REPUBLIKA.CO.ID, JAKARTA -- Panwaslu DKI Jakarta menolak jika dikatakan tidak bisa menindak sejumlah kampanye terselubung sejumlah pasangan bakal calon gubernur dan calon wakil gubernur DKI. Alasannya, yang diatur dalam Peraturan KPU Nomor 14 tahun 2010 adalah kampanye pasangan calon, bukan pasangan bakal calon.
"Panwaslu terkesan sungkan, namun sebenarnya tidak, karena yang dikatakan melakukan kampanye terselubung saat ini adalah pasangan bakal calon gubernur dan wakil gubernur. Sesuai peraturan, mereka baru bisa dikatakan melakukan kampanye jika sudah ditetapkan sebagai pasangan calon gubernur dan wakil gubernur 12 Mei nanti," ujar Ketua Panwaslu, Ramdansyah, yang dihubungi Republika, Selasa (3/4).
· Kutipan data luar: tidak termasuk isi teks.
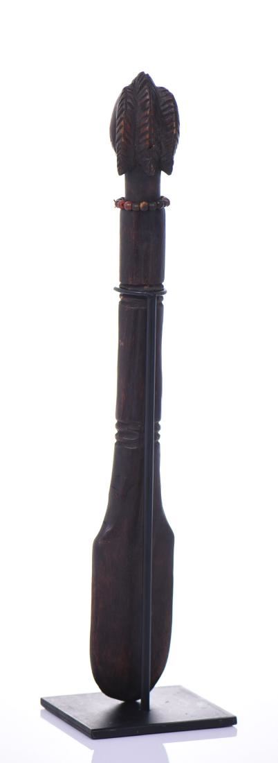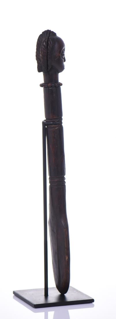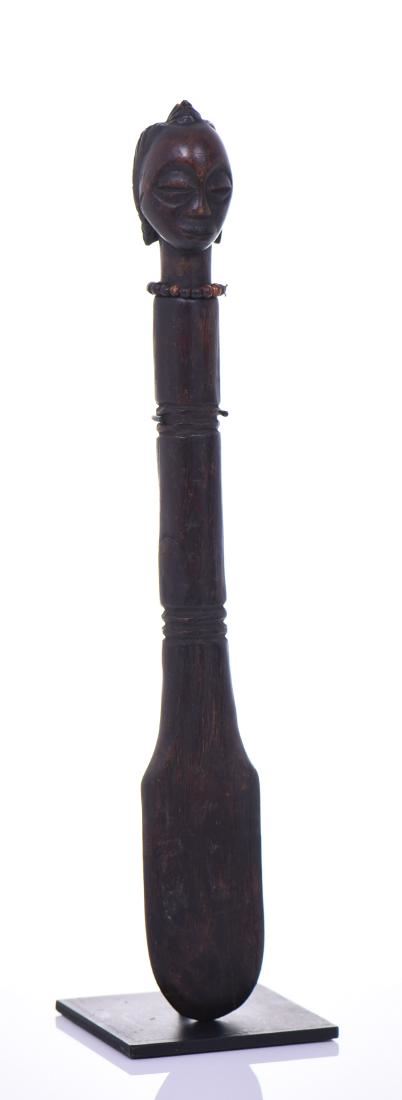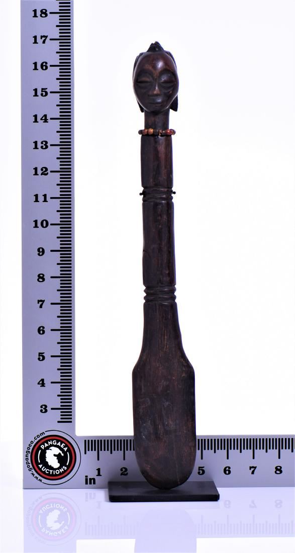 African Luba Spoon, Democratic Republic of the Congo. The Kingdom of "Luba" or Luba Empire (1585-1889) was a pre-colonial Central African state that arose in the marshy grasslands of the Upemba Depression in what is now southern Democratic Republic of Congo. Provenance: Ethnographic Tribal Museum Collection (See Auction Catalog Description). Some Lots Have Been On Exhibition And Have A Custom Made Metal Stand Specifically Designed To Fit The Work. Estimated more than 75 yrs old. African art is a term typically used for the art of Sub-Saharan Africa. A few of the most popular traditional African art was produced by the tribal people of the Fang, Dan, Baoule, Dogon, Senoufo, Makonde, Bambara, and San. Most African sculpture was historically in wood and other natural materials that have not survived from earlier than a few centuries ago; older pottery figures can be found from a number of areas. Masks are important elements in the art of many peoples, along with human figures, often highly stylized and in vast variety of styles. Sculpture is most common among "groups of settled cultivators in the areas drained by the Niger and Congo rivers. Direct images of deities are relatively infrequent, but masks in particular were made for religious ceremonies. Later West African cultures developed bronze casting for reliefs, like the Benin Bronzes, to decorate palaces and for highly naturalistic royal heads from around the Yoruba town of Ife, in terracotta as well as metal, from the 12th to 14th centuries. Akan gold weights are a form of small metal sculptures produced over the period 1400–1900; some apparently represent proverbs, contributing a narrative element rare in African sculpture; and royal regalia included impressive gold sculptured elements. Many West African figures are used in religious rituals and are often coated with materials placed on them for ceremonial offerings. Eastern Africans, in many areas shorter of large timber to carve, are known for Tinga Tinga paintings and Makonde sculptures. There is also tradition of producing textile art. Modern Zimbabwean sculptors in soapstone have achieved considerable international success. Southern Africa's oldest known clay figures date from 400 to 600 AD and have cylindrical heads with a mixture of human and animal features. (Wikipedia) Size and/or Weight: See Measurement Photo. (Photos Represent The Lot Condition.)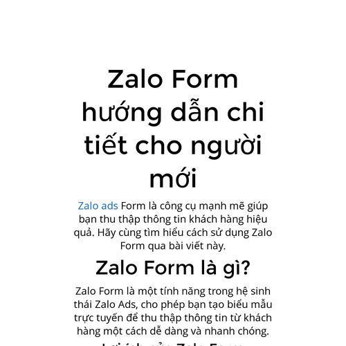 Zalo Form là công cụ hữu ích giúp bạn tối ưu hóa chiến dịch quảng cáo và thu thập thông tin khách hàng hiệu quả. Hãy bắt đầu sử dụng ngay hôm nay để đạt được kết quả tốt nhất!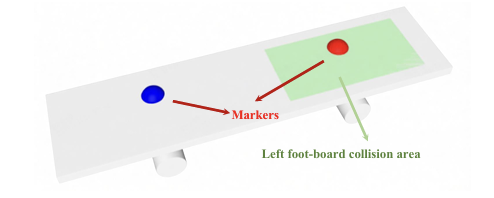 上图展示了机器人蹬地后,将脚抬起并准确落在滑板上的过程,随后旋转身体调整姿态。这与人类滑板的逻辑完全一致 。同时,为了保证安全和训练效果,研究人员在仿真环境中设置了精确的碰撞检测区域。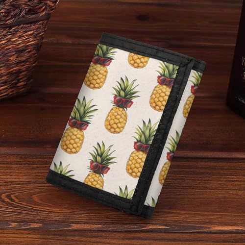 • Design: Featuring a versatile trifold design, this men's wallet includes a front zipper compartment for quick access to essentials. Inside, there are spaces dedicated for ID cards, cards, and changes. The inclusion of a keychain allows you to carry your keys effortlessly, making it a Red Glasses Pineapple A Print simple wallet for men that's all about practicality

Sebelumnya, sejumlah pasangan bakal calon gubernur dan wakil gubernur DKI Jakarta sudah gencar melakukan sosialisasi ke masyarakat. Di antaranya yang kerap diekspose media massa adalah pasangan Fauzi Bowo-Nachrowi, pasangan Jokowi-Ahok, pasangan Alex Noerdin-Nono Sampono, dan pasangan Hidayat Nur Wahid-Didik J. Rachbini.
Akan tetapi Panwaslu, kata Ramdansyah, sudah bertindak tegas ketika melihat sejumlah pelanggaran berupa pemasangan spanduk di sejumlah tempat-tempat ibadah serta pemasangan spanduk yang mengandung unsur provokatif. "Kami sudah meminta Satpol PP untuk menurunkan aneka-macam spanduk yang mengandung unsur provokasi seperti itu," tuturnya.
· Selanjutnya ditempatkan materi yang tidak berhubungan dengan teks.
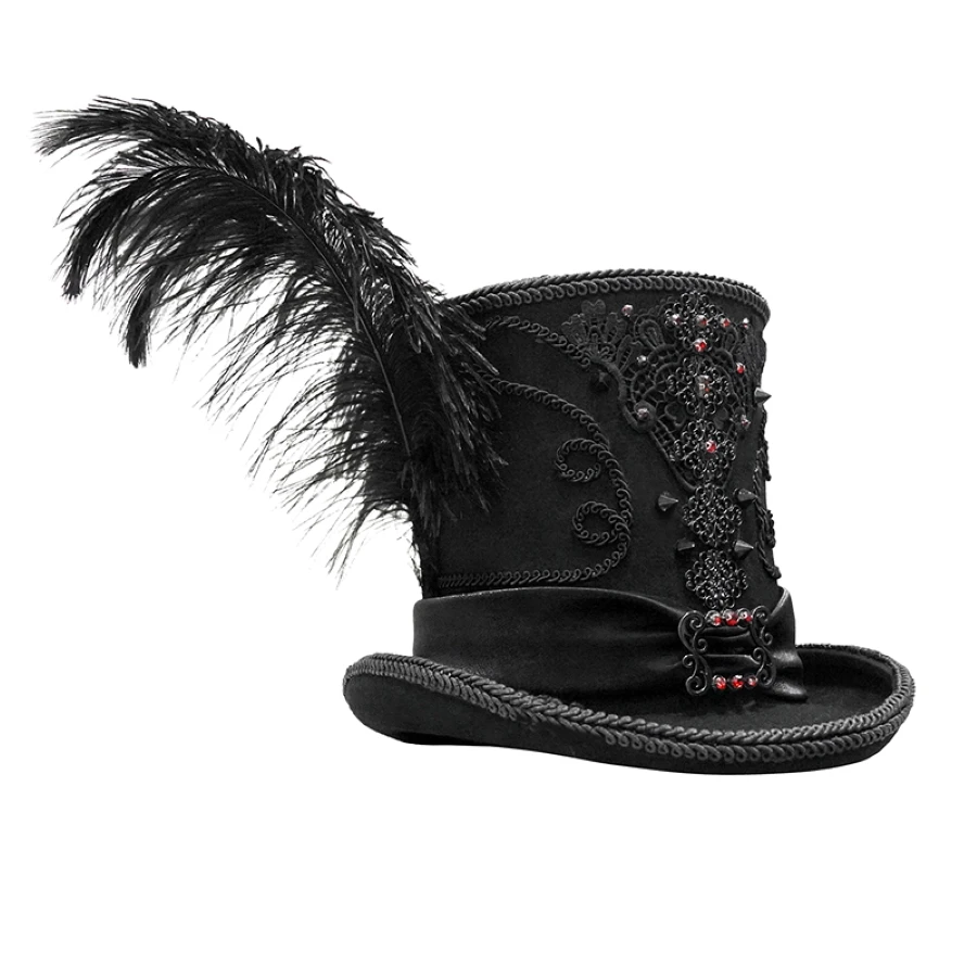 De grandes broderies accentuent le style gothique de ce haut de forme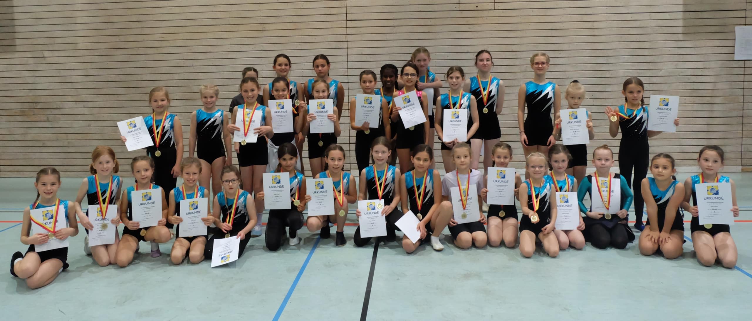 Großgeräten wie Reck, Barren, Schwebebalken, Sprung und Boden erlernt.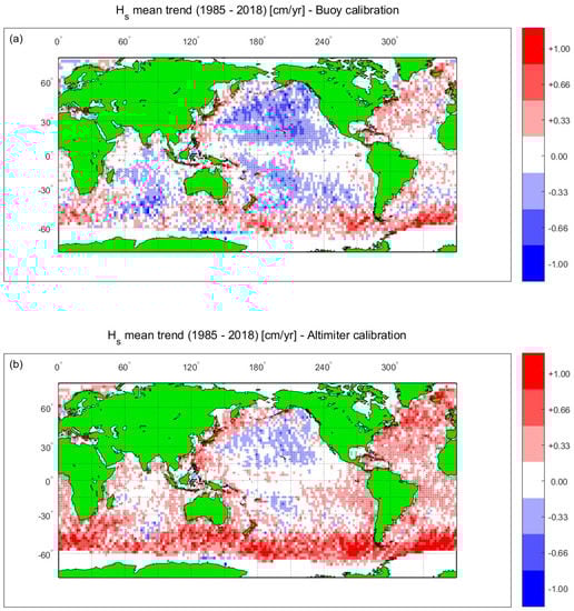 Noting that both calibration methods have issues with non-homogeneity, it is not obvious why the “altimeter–altimeter” approach yields stronger trends than the “altimeter–buoy” method. As the “altimeter–altimeter” method does have data from the full globe (although concentrated at high latitudes in the Southern Ocean), it is possible that it is less impacted by such non-homogeneities. It is certainly in better agreement with trends from model hindcasts [].

Sementara itu, terkait adanya indikasi PNS yang tidak netral pada Pemilukada DKI tahun ini, Panwaslu sudah memberi peringatan. Salah satu contoh adalah seorang walikota yang juga menjabat sebuah ormas di Jakarta yang meminta warganya memilih salah satu kandidat. "Kami sudah memperingatkan hal tersebut. Kalau mereka hanya mengarahkan di kalangan internal, itu sah-sah saja. Namun jika sampai mem-blow up dengan mengundang media, itu tidak boleh," katanya.
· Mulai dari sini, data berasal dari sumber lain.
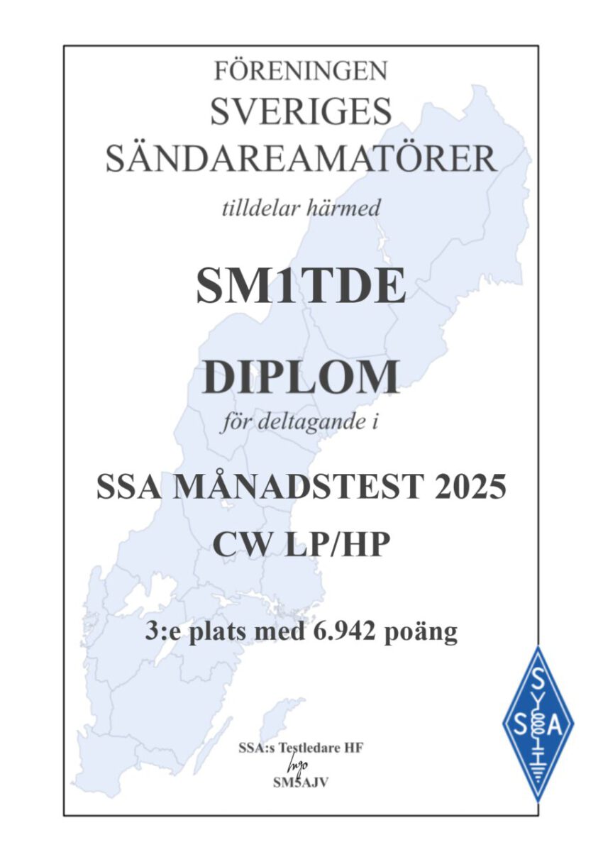 Ingo/SM5AJV har nu sammanställt slutresultatet av SSA-klassikern Månadstesten. Under året deltog minst 56 på CW samt 81 på SSB. CW-delen vanns välförtjänt av Rune/SM5COP, QRP-klassen tog SM0OEK hem. SSB-segrare är SM5EMR, på QRP vann SM2IAR. SK6AW vann klubbtävlingen CW och SK5AA, som vanligt, SSB. Att notera är att två Instegscertare finns med på SSB nämligen SH7CTL samt SH7KLI.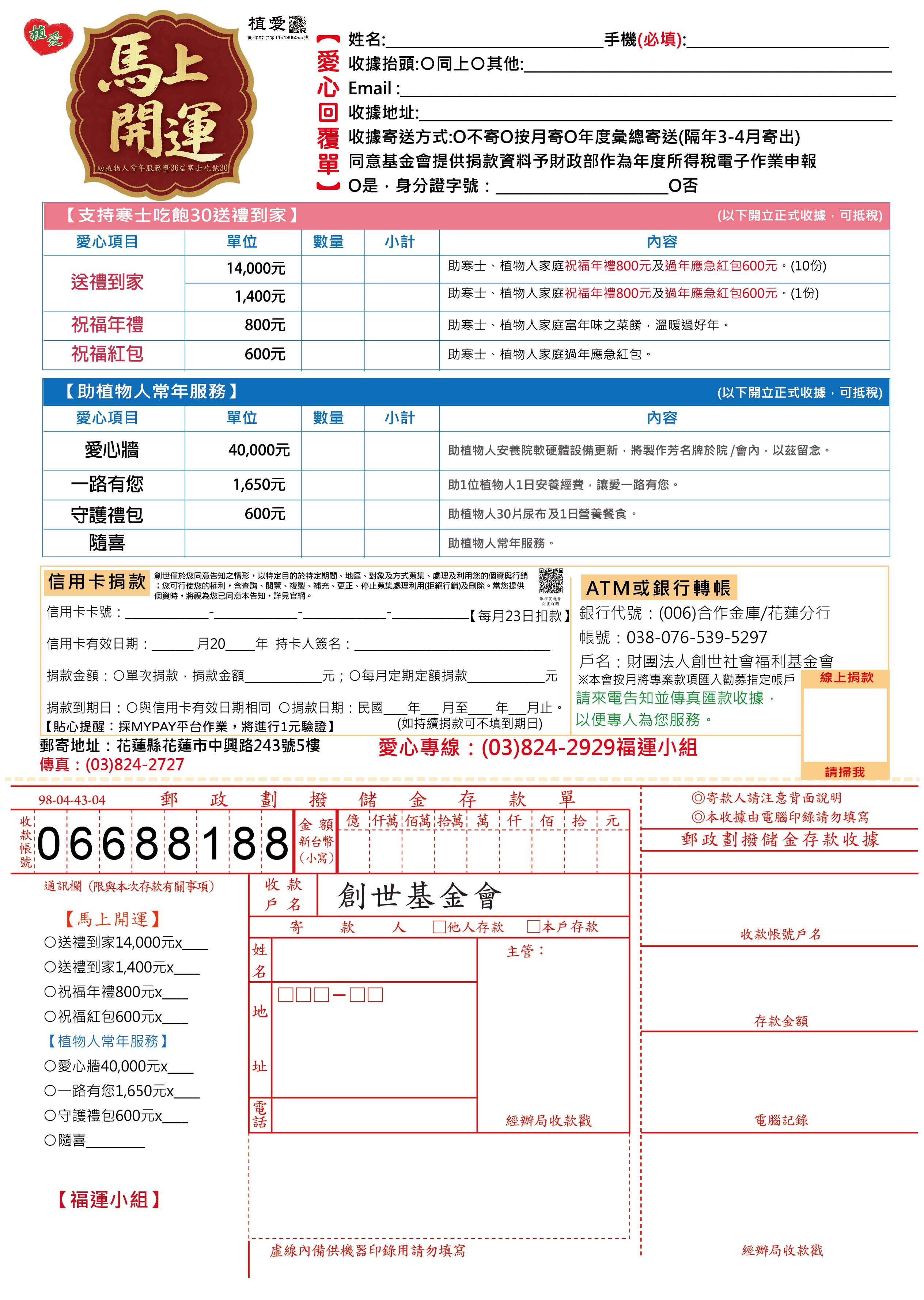 抬頭請開『財團法人創世社會福利基金會』,連同愛心回覆單掛號寄回【福運小組】收。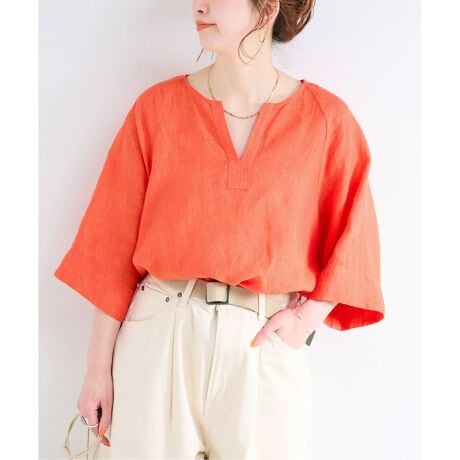 チクチクせず柔らかく肌に馴染む風合いが特徴のリネンブラウス。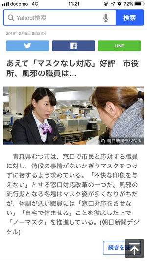 あえて「マスクなし対応」好評 市役所(朝日新聞デジタル) headlines.yahoo.co.jp/hl?a=20190206-… @YahooNewsTopics

Undang-Undang No 12 tahun 2008 Pasal 83 yang menyatakan birokrasi dilarang untuk menguntungkan salah satu calon. "Kalau putusan Mahkamah Konstitusi (MK) disetujui, Pasal 116 ayat 4 ancaman pidana minimal 1 bulan, maksimal 6 bulan dan atau denda Rp600 ribu maksimal Rp 6 juta," katanya.